Bi Yuni terlihat sedikit kaget saat melihat benda yang ingin kubakar sesaat lagi. "Non, Non Pia serius mau bakar buku itu, Non?" tanya Bi Yuni. "Bukannya itu buku hadiah ulang tahun dari Den Brahma? Dan juga buku yang sering Non Pia tulisin sesuatu di sana?"

Aku hanya tersenyum mendengar perkataan-perkataan Bi Yuni.

"Maaf Non, bukan bibi lancang. Tapi bibi pernah liat isi buku itu. Di buku itu juga banyak foto-foto Non Pia sama Den Brahma juga kan? Kenapa buku itu mau dibakar, Non?"

Senyumku mengecut saat mengingat-ingat kembali isi di dalam buku yang kugenggam ini. Dalam hati kecilku, kesedihan seperti ingin bermekaran kembali. "Nggak apa-apa, Bi. Sekarang buku ini udah nggak spesial dan penting lagi kok," ucapku pada Bi Yuni. Hal yang juga menjadi penguat hatiku, agar airmata tak lagi menetes untuk Brahma.

"Oh gitu yah, Non. Padahal sayang banget kalau dibakar."

"Bi, tolong ambil minyak tanah sama korek api."

Bi Yuni langsung menuju dapur setelah mendengar pintaku, tak lama dia keluar dengan korek api batang dan dirigen kecil berisi minyak tanah. "Ini, Non."

"Makasi ya Bi, bibi udah boleh ke dalam sekarang," ucapku mengusir Bi Yuni secara tak langsung. Aku tak mau ketetapan hatiku untuk membakar buku ini menjadi goyah kembali.

Kulempar buku yang kugenggam ke dala tong, lalu kusiramkan minyak tanah ke dalamnya. Kuhidupkan korek api batang dan kuleparkan ke dalam tong berlumuran minyak tanah. Seketika api menyambar dan menjilat-jilat buku yang ada di dalamnya. Selamat tinggal. Semoga kenanganmu pun menjadi abu dalam pikiranku, ucapku membatin saat melihat lidah api mulai melumat buku tersebut dan mengubahnya menjadi lembaran abu.

***

"Pia, tolong dengar penjelasanku," ucap Brahma saat bertemu dengannya di kantin fakultas. Dia mencengkeram tanganku saat aku berusaha menghindarinya. Bukan karena takut, tapi diriku sudah muak bertemu dengannya. "Apa yang kamu lihat waku itu hanya salah paham."
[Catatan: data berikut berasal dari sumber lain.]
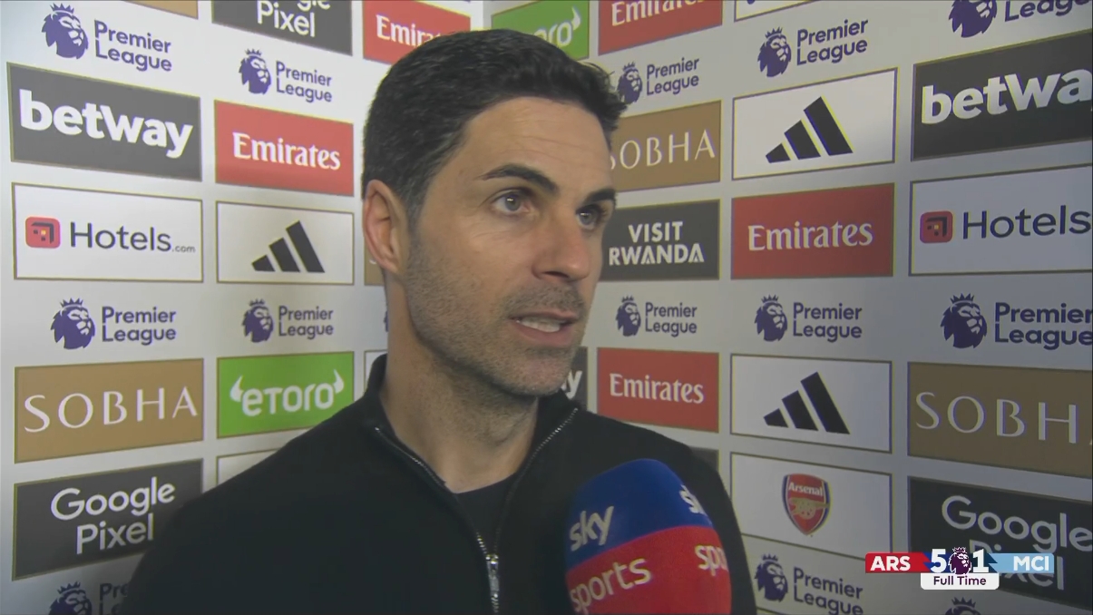 02月03日訊 英超焦點(diǎn)戰(zhàn),阿森納5-1血洗曼城。賽后阿森納主帥阿爾特塔接受了BBC和天空體育的采訪,談?wù)摿吮緢?chǎng)比賽的一些話題。
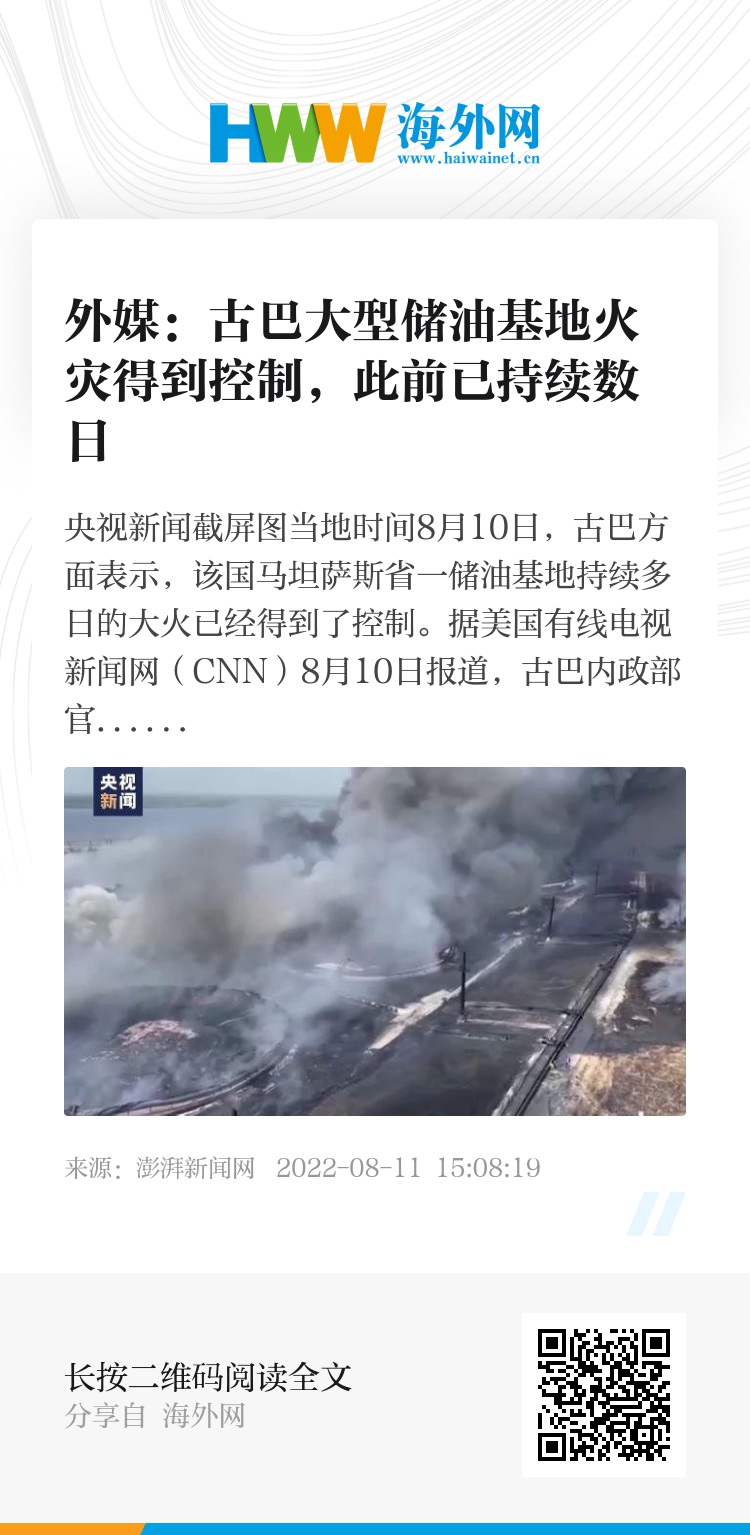 当地时间8月10日,古巴方面表示,该国马坦萨斯省一储油基地持续多日的大火已经得到了控制。

"Kamu bilang salah paham? Aku nggak buta. Aku liat kamu cium Silvia. Sahabatku sendiri!!" Emosiku tak terbendung. Suaraku mengencang dan membentak Brahma. "Silvia sudah cerita ke aku. Bagaimana kamu mengejar dia. Bagaimana kamu membuainya dengan rayuanmu. Dan kamu bilang itu semua cuma salah paham?"
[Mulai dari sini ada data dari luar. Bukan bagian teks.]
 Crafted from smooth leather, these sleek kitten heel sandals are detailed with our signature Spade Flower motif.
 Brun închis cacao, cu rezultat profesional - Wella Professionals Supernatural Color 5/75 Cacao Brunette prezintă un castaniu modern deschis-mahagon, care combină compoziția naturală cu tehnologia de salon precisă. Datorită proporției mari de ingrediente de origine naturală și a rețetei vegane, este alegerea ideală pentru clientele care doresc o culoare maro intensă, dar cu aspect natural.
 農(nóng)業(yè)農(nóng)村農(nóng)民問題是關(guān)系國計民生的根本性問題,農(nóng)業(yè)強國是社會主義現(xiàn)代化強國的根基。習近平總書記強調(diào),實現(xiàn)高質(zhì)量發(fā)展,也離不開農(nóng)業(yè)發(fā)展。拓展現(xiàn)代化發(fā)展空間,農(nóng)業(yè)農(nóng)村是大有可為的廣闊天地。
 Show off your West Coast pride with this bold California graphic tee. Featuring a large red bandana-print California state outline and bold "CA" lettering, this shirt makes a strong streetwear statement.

"Okey, aku tahu aku salah. Aku minta maaf, Pia. Aku khilaf, aku sadar aku salah." Kulihat mimik wajah Brahma yang seperti mengiba maaf, terlihat menyedihkan. "Aku sadar banget sudah ngecewain kamu. Tapi aku masih cinta sama kamu, Pia. Aku nggak bisa gitu aja lupain kam-"

Plak!! Sebuah tamparan keras dari telapak tanganku mendarat mulus di pipinya. "Makan itu cinta. Berdoa sama Tuhan agar kamu lupa siapa aku. Lupa siapa saja yang sudah kamu sakiti, dan aku pun akan berdoa agar kamu tak lagi dalam ingatanku."

Aku berjalan meninggalkan kantin fakultas, meninggalkan Brahma yang diam menanggung malu. Tatapan mahasiswa-mahasiswi lain tersorot padanya. Tamparanku di pipinya menjadi tontonan gratis di kantis fakultas pada siang ini.

Sadarkan aku Tuhan, dia bukan milikku
Biarkan waktu, waktu, hapus aku

Aku berdoa pada Tuhan, agar menghapus ingatanku tentang Brahma. Dalam dada, sesak kurasa, tapi setidaknya tamparan tadi cukup melampiaskan sedikit kekecewaanku.